Quartet Profile Sets#
Working with Quartet Profile Sets#
The phylozoo.core.quartet module provides the QuartetProfileSet class,
which represents a weighted collection of quartet profiles covering multiple four-taxon
.
Note that this allows for two-level weights: the weight of a profile and the weight of a quartet within a profile.
Creating Quartet Profile Sets#
Quartet profile sets can be created from existing profiles or directly from quartets:
From Quartet Profiles
from phylozoo.core.quartet import QuartetProfileSet, QuartetProfile, Quartet
from phylozoo.core.split import Split
# Create individual profiles
q1 = Quartet(Split({"A", "B"}, {"C", "D"}))
q2 = Quartet(Split({"A", "C"}, {"B", "D"}))
profile1 = QuartetProfile({q1: 1.0}) # Single quartet: weight must be 1.0
profile2 = QuartetProfile({q2: 1.0})
# Create profile set with profile-weight tuples
profile_set = QuartetProfileSet([
(profile1, 0.5),
(profile2, 0.5)
])
From Individual Quartets
# Create from quartets (automatically grouped by taxa)
quartets = [
Quartet(Split({"A", "B"}, {"C", "D"})),
Quartet(Split({"A", "C"}, {"B", "D"})),
Quartet(Split({"A", "B"}, {"C", "E"})), # Different 4-taxon set
]
profile_set = QuartetProfileSet(profiles=quartets)

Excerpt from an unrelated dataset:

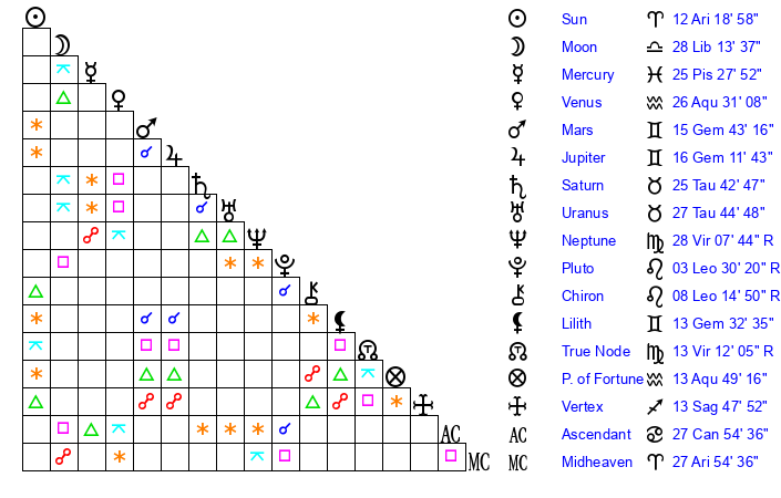 | Sun | 12 Aries 19 | 13 Aries 12 | 2 Cancer 32 |

When created from quartets, they are automatically grouped by their four-taxon sets
and converted to profiles. For each 4-taxon set, all quartets on that set form a
single QuartetProfile in which every quartet
receives equal weight \(1/k\) (where \(k\) is the number of quartets for that
taxa set); the resulting profile in the set has default profile weight 1.0.
If you need non-uniform quartet weights within a profile, construct a
QuartetProfile explicitly (using a dictionary
or list of (Quartet, weight) pairs that sum to 1.0) and pass that
QuartetProfile to QuartetProfileSet,
optionally together with a separate profile weight.
Specifying Total Taxa
You can also specify the total set of taxa, which allows including taxa that don’t appear in any profile:
# Create profile set with explicit taxa set
profile_set = QuartetProfileSet(
profiles=[profile1, profile2],
taxa=frozenset({"A", "B", "C", "D", "E", "F"})
)
Accessing Profile Set Properties#
Basic properties
Quartet profile sets provide comprehensive access to their structure and contents:
# Basic properties
total_taxa = profile_set.taxa # frozenset of all taxa
num_profiles = len(profile_set) # Number of profiles
# Check maximum quartets per profile
max_len = profile_set.max_profile_len
# Access individual profiles
profile = profile_set.get_profile(frozenset({"A", "B", "C", "D"}))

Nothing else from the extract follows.